25 AI employees who talk to each other and run my company without me.

Most CEOs don’t have time to play with AI.

Maybe they use ChatGPT to write an email or as a sparring partner, but that’s about it.

And I get it. Between back-to-back meetings, managing people, and putting out fires, when are you supposed to sit down and experiment?

But a few months ago, I started playing with agents, and it’s changed the way I think about scaling a company.

Baby Steps

It started with a single agent I built in Claude Cowork. It was a super-powered EA, which read my emails, checked my calendar, and gave me a morning brief. It helped me manage my to-do list, clarify my priorities, and set reminders.

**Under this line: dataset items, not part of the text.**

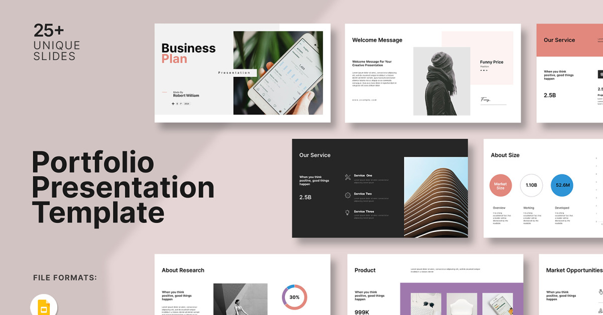 **Минимальный дизайн/Шаблон слайд-презентации Google бизнес-плана** Вам нужно создать документ с шаблоном слайд-презентации Google бизнес-плана для вашего клиента?
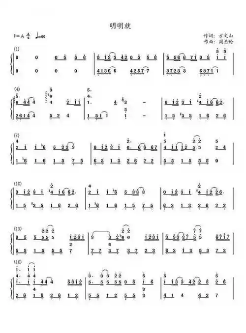 谁能帮忙找一下周杰伦明明就的钢琴双手简谱,,,,只有数字的 或者
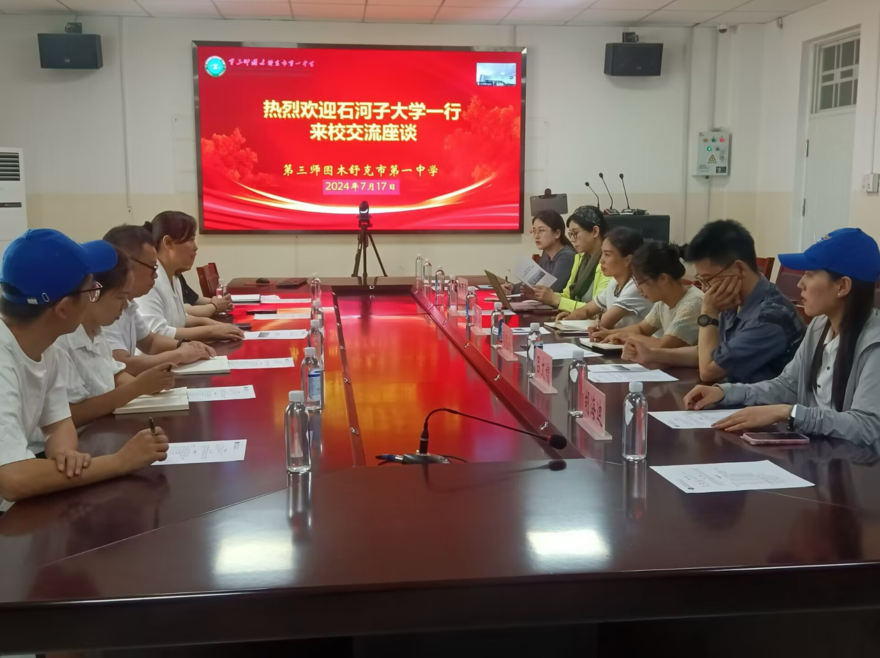 7月16日,调研组到达第三师图木舒克市第一中学,党委副书记、校长袁红霞,师市名师工作室主持人蔡群、教研室副主任罗世成等参加了座谈。袁红霞校长、蔡群老师、高智超老师、罗世成老师分别从天山英才名师工作室建设、兵团精神育人、兵团大中小学思政课一体化和铸牢中华民族共同体意识几个角度进行了分享。双方就不同学段的衔接、教学内容整合、教学资源共享交换了意见,针对三师中学提出的活动开展很多,但理论构建不足、深度挖掘不够、高度提升不足等的问题,yl23455永利官网徐艳副院长明确表示要更加主动、充分、有效发挥yl23455永利官网的专业优势和作为兵团大中小学思政课一体化共同体牵头单位引领作用,增进兵团大中小学思政课育人成效。
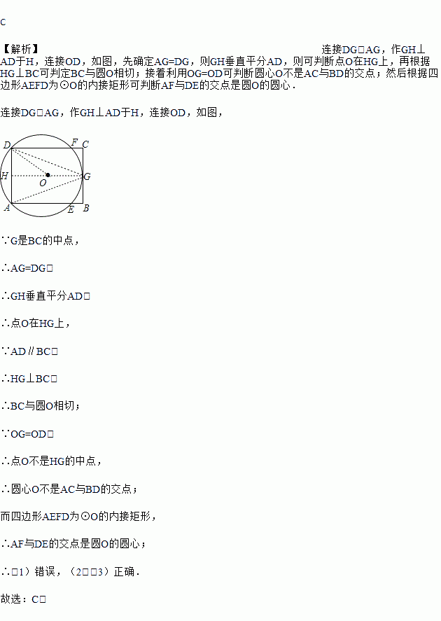 如图,矩形ABCD中,G是BC的中点,过A、D、G三点的圆O与边AB、CD分别交于点E、点F,给出下列说法:(1)AC与BD的交点是圆O的圆心;(2)AF与DE的交点是圆O的圆心;(3)BC与圆O相切,其中正确说法的个数是( )
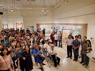 盧市長表示,她擔任電視台採訪主任時,時常報導藝文活動,採訪過王雙寬老師,是30年以來的老朋友,今日用展覽方式表達對他的尊敬與紀念,祝大師80歲生日快樂。王老師對台灣藝壇貢獻大,備受景仰,是細膩又豪邁的人,他的筆觸細膩,又具領導能力,一生最愛畫關公及岳飛,正氣凜然,在推動藝術、提攜後進不遺餘力。
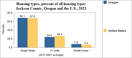 Housing types include single family homes, structures with two housing units (like duplexes), multiple units per structure (three or more units, such as apartment buildings), mobile homes and other housing types.
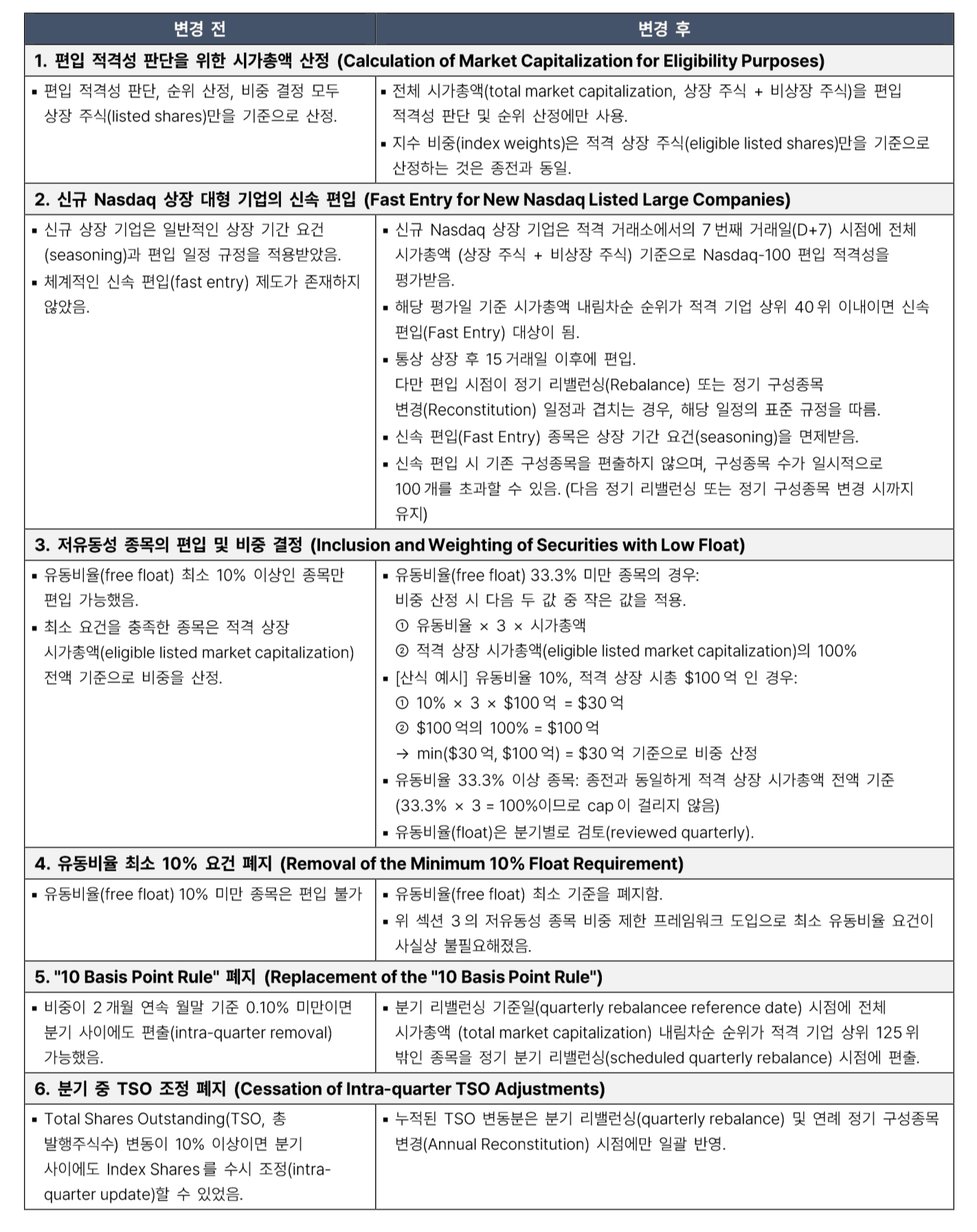 나스닥100 지수 방법론 변경 요약 (변경 시행일: 2026. 5. 1) |
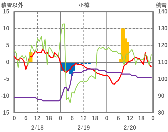 | 日 | 時 | 気温 | 降水 | 風向/風速 | 日照 | 積雪 | 降雪 |
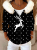 Veste à col en fourrure à imprimé renne à pois noir pour femme
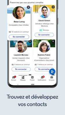 La LinkedIn Vacatures-app est bien plus qu'un simple outil de recherche : c'est une plateforme vibrante pour l'expansion de votre réseau professionnel. Interagissez avec des leaders d'opinion de votre secteur, suivez les entreprises innovantes et restez informé des dernières actualités et tendances du monde des affaires. Créez des connexions significatives avec des pairs et des experts, partagez vos propres contributions et discussions, et enrichissez ainsi votre parcours professionnel. Cette immersion dans une communauté dynamique multiplie vos chances de découvrir de nouvelles avenues et de propulser votre carrière.
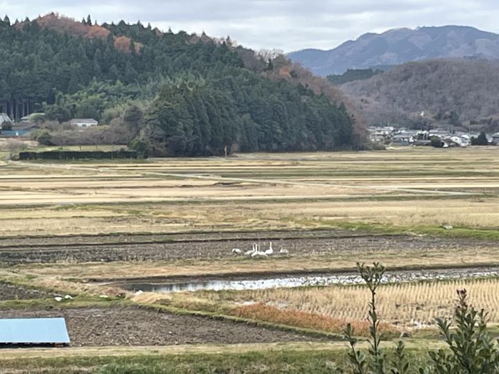 自宅の前は川が流れていて、その先は田園が広がっています。冬になるとそこに白鳥が飛んできます。
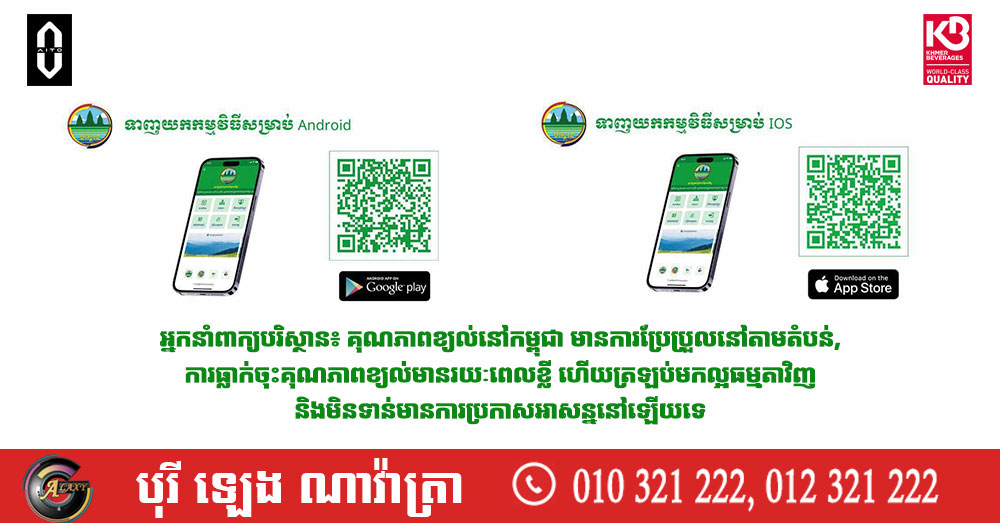 អ្នកនាំពាក្យក្រសួងបរិស្ថាន បានស្នើឱ្យសាធារណជន តាមដានព័ត៌មានស្តីពៅគុណភាពខ្យល់ ជាផ្លូវការ ដែលក្រសួងបានចេញផ្សាយ តាមរយៈវេបសាយ www.airquality.moe.gov.kh និងកម្មវិធីទូរស័ព្ទដៃ (APP) ឈ្មោះ CGS SPA ឬទាញយកកម្មវិធីសម្រាប់ Android និង IOS បានក្រប់ពេលវេលា។
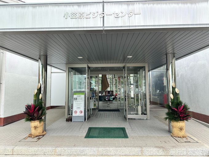 大晦日は14.6度。防寒対策にご留意の上暖かくしてお過ごしください。 小笠原ビジターセンターから~年末年始も開館されるそうで正面玄関に門松を設置小笠原らしい南国風で…すべてを島内の植物により作成明日は,新年恒例の海開き『初泳ぎ証明書』が貰えます

It was really helpful. But what I really wanted was a full support team.

I wanted multiple agents, talking to each other, running on their own schedules, and working without me needing to be involved.

So I started building my own AI organisation. Finance, marketing, sales, strategy and relationship management… even Agent Resources (the HR equivalent).

Department by department, role by role, the organisation started to grow.

Burning the Ships

As more and more work was being taken on by agents, it became clear I didn’t need as large a support team.

So I took the decision to ramp down my human org, and invest in creating more agents.

Like Cortés, I burned the ships so there was no chance of retreat, and this forced me to figure out how to make an AI organisation work.

What used to be run by a Chief of Staff, a Head of Ops, and a Founder Associate is now run by my AI organisation and an EA.

I currently have 25 AI employees which cost about $2,500 a year to run. They replace over $250,000 a year in salaries, along with several SaaS tools I no longer use.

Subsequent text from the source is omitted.